В полку из 44 офицеров 26 были убиты или ранены, 273 солдата убиты, 352 ранены, но ушли вместе с другими; 312 раненых остались лежать на поле боя, а всего 837 солдат героического 11-го Восточно-Сибирского полка из 2480 остались на территории, занятой японцами.
«Потрясенные небывалым мужеством русских солдат, японцы, обессиленные тяжелым боем, остановились на занятых позициях и наблюдали, как уходили русские. Один японский офицер стоял впереди своих солдат, приложив руку к головному убору, а солдаты кричали не то „ура“, не то „банзай“», — напишет потом военный корреспондент П. Краснов в своей книге «Год войны».

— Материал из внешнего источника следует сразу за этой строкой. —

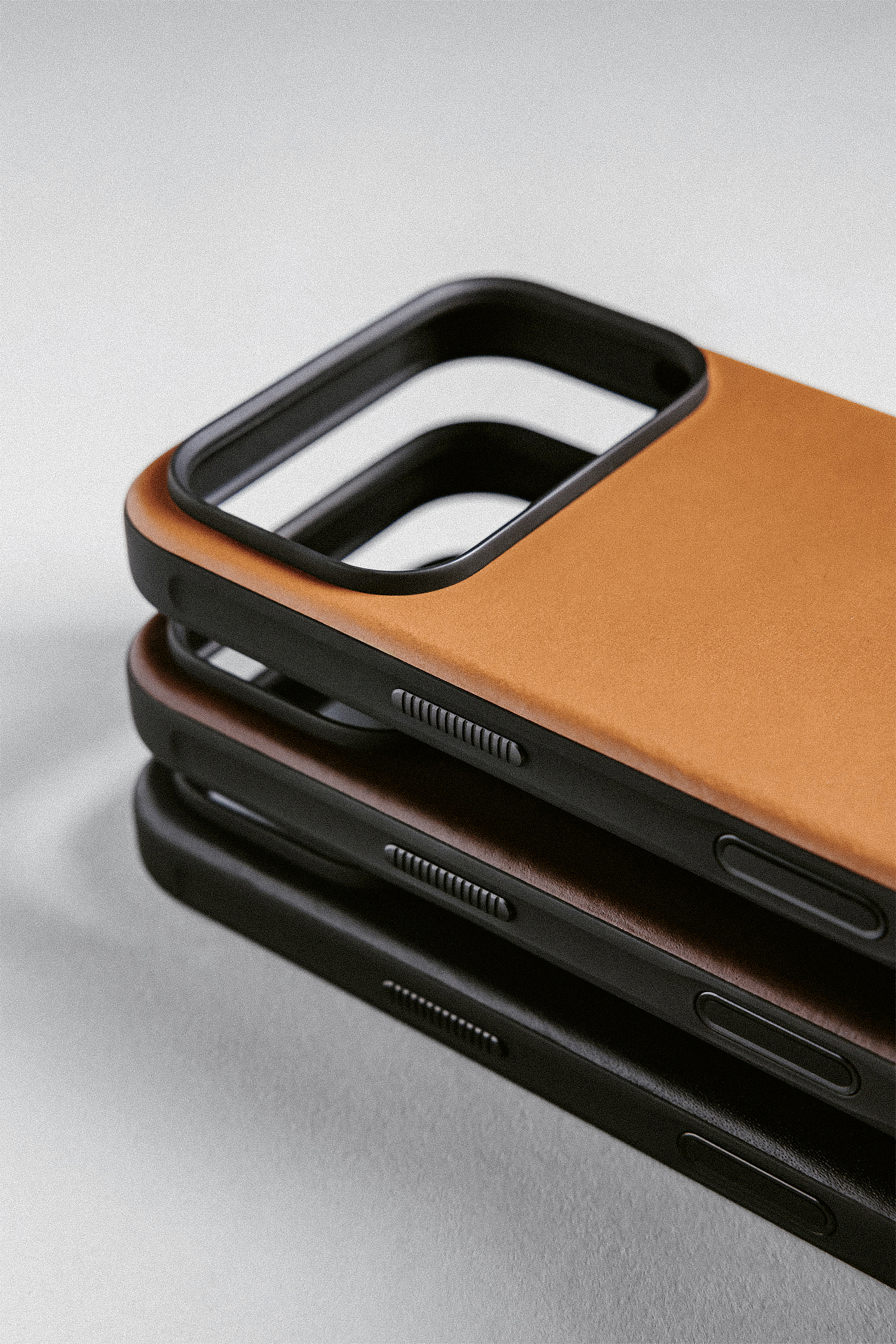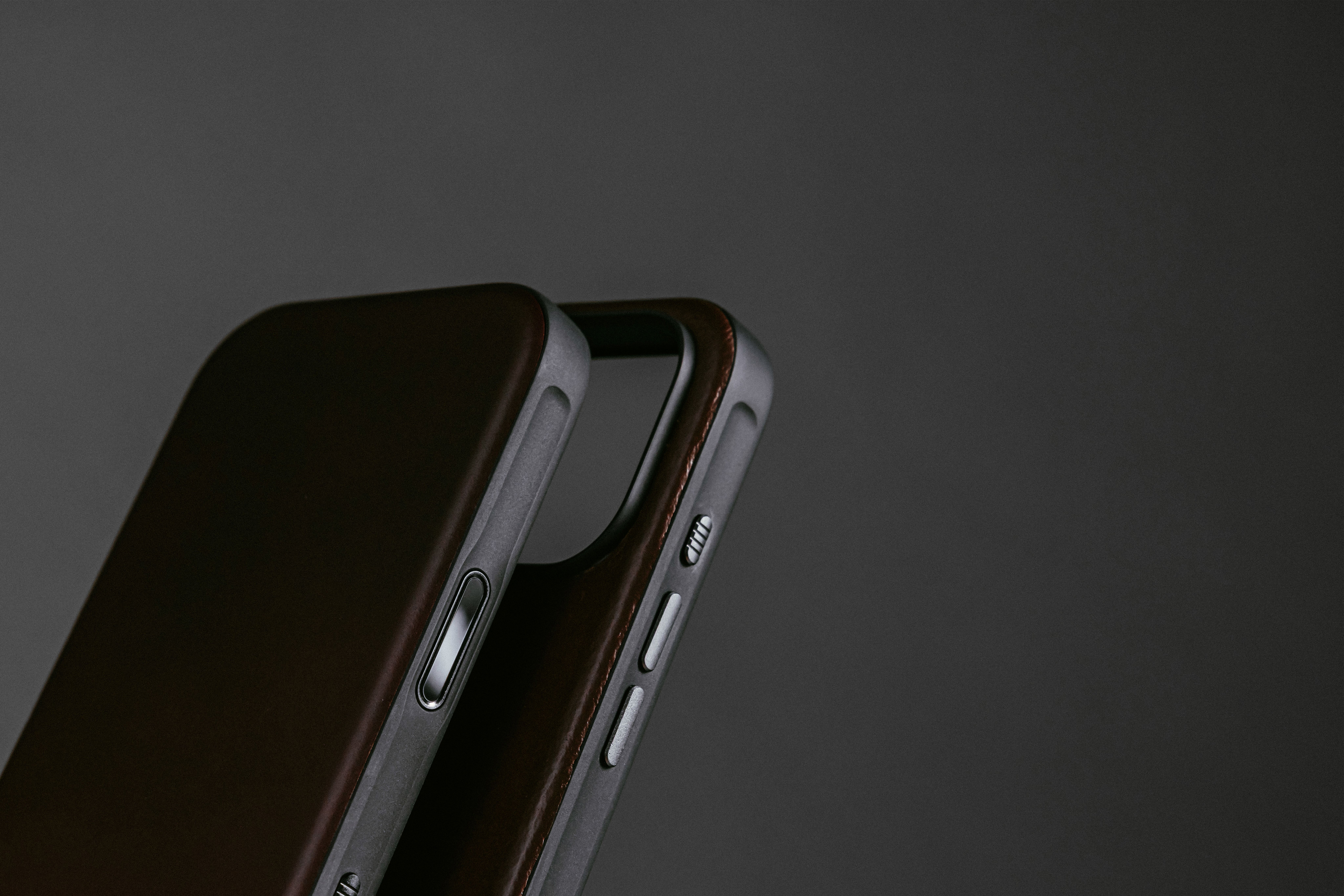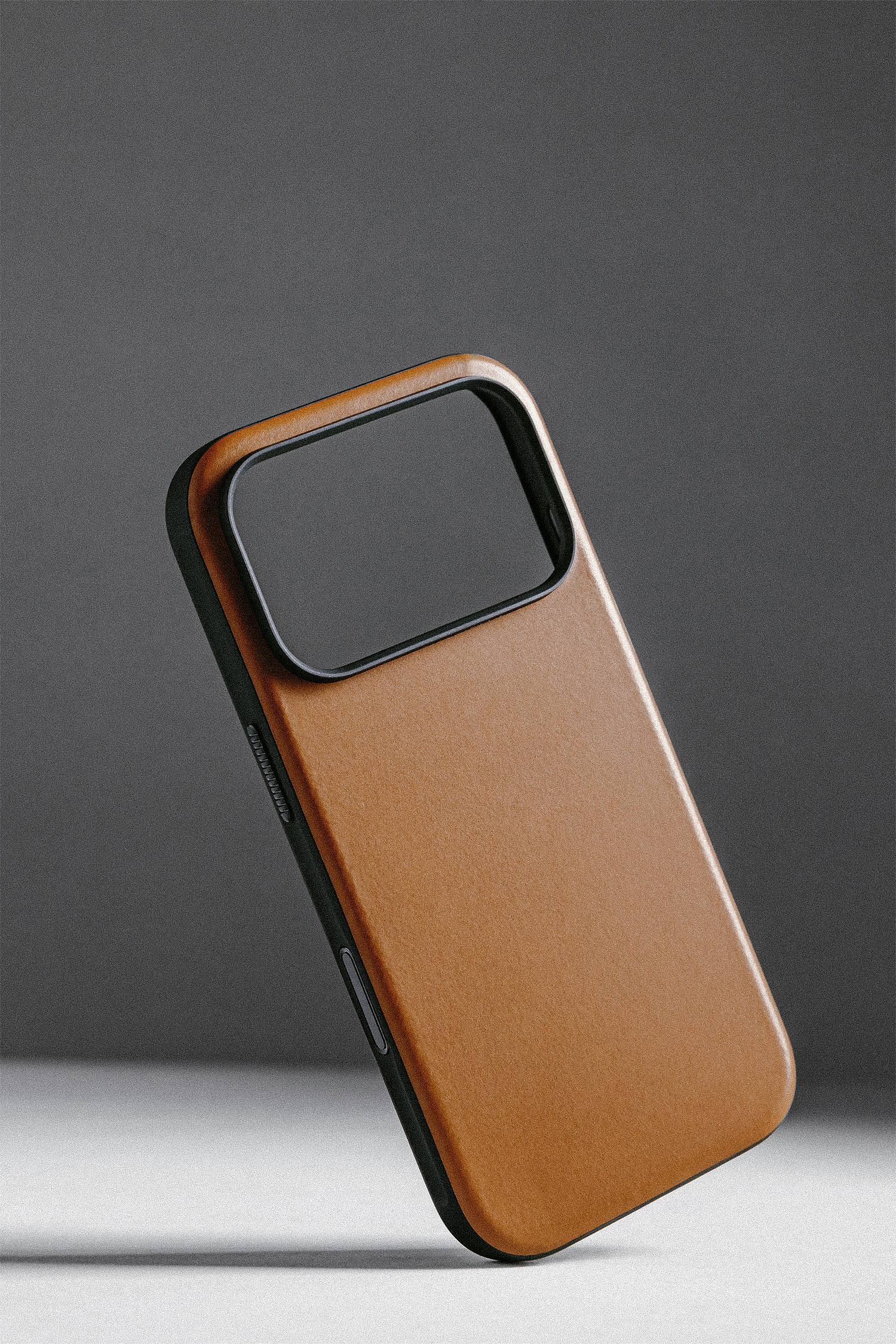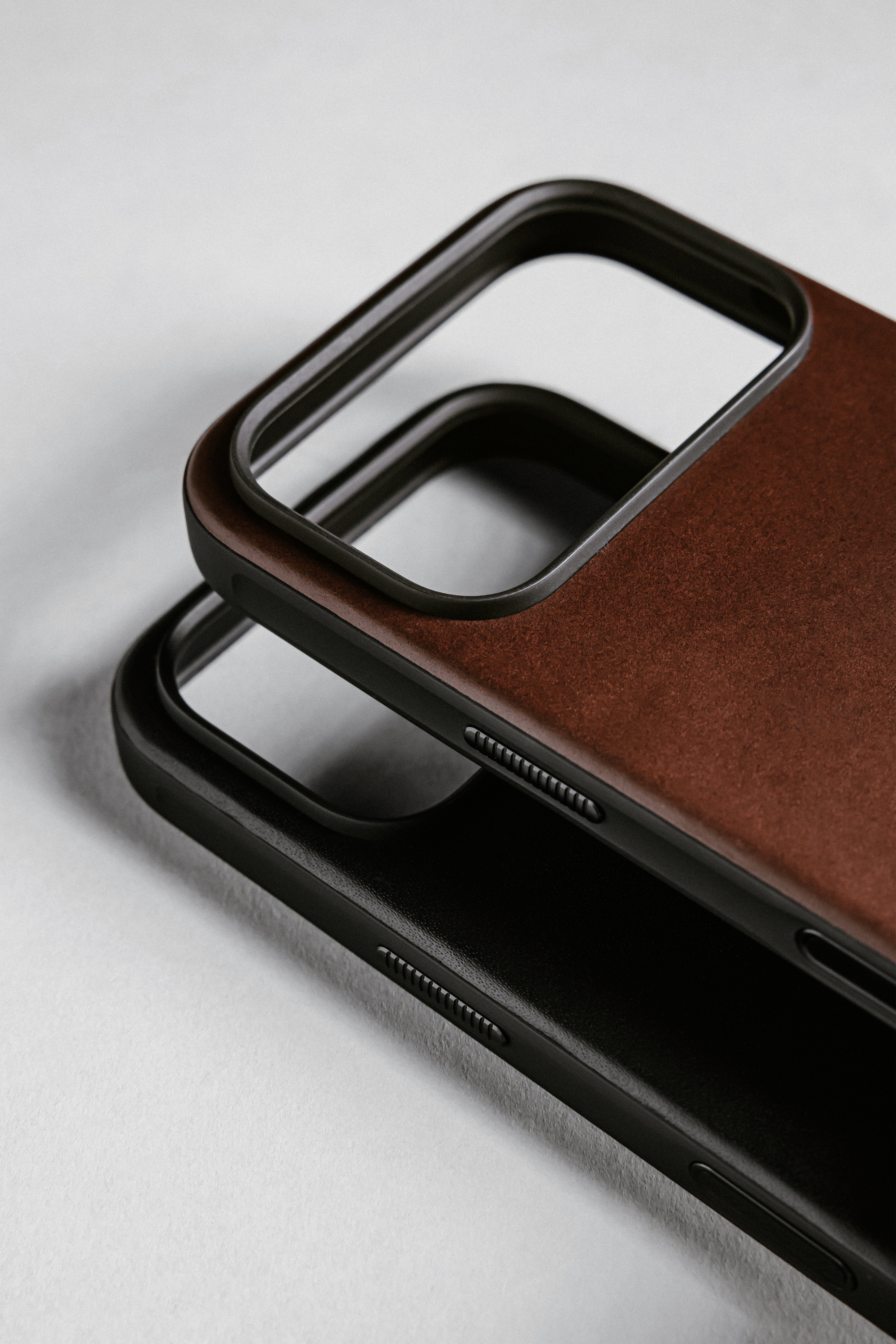 Das Modern Leather Case und das Modern Leather Folio verbinden robusten Schutz mit hochwertiger Lederverarbeitung – erhältlich sowohl in klassischem Horween-Leder als auch in Nomads eigenem glatten Echtleder. Während das Modern Leather Case durch seine schlanke, stoßdämpfende Konstruktion überzeugt und dank starker Neodym-Magnete sicheren Halt sowie volle MagSafe-Kompatibilität bietet, ergänzt das Modern Leather Folio die Kollektion um praktische Funktionalität: Neben umfassendem Schutz verfügt es über ein integriertes Kartenfach für drei Karten und Bargeld sowie einen abnehmbaren Magnetverschluss für flexible Nutzung. Beide Modelle entwickeln mit der Zeit eine charaktervolle Patina und verbinden so elegantes Design mit Alltagstauglichkeit.

Потери обеих сторон в Тюренченском бою были огромны. Русские потеряли около 3 тысяч человек, из них 70 офицеров. Погиб отважный командир 11-го полка полковник Лайминг, но самые большие потери понесла артиллерия, которая лишилась 75 % офицеров, 67–77 % рядового состава, 21 % орудий и 84 % лошадей. Всего было расстреляно в Тюренченском бою 800 000 патронов.
Японцы потеряли (по их данным) 1036 человек. Корреспондент газеты «Дейли ньюс», осматривавший поле сражения у Тюренчена, писал, что наибольший урон японцы понесли при переходе через Ялу: «по обоим берегам лежат груды трупов. Зрелище ужасное». После боя японские солдаты с восхищением рассказывали корреспонденту о чудесах храбрости сибиряков. Поле боя осталось за противником, поэтому официальные сообщения японцев о потерях могли быть занижены. Многие тогда сходились на том, что потери японцев превысили 4 тысячи человек.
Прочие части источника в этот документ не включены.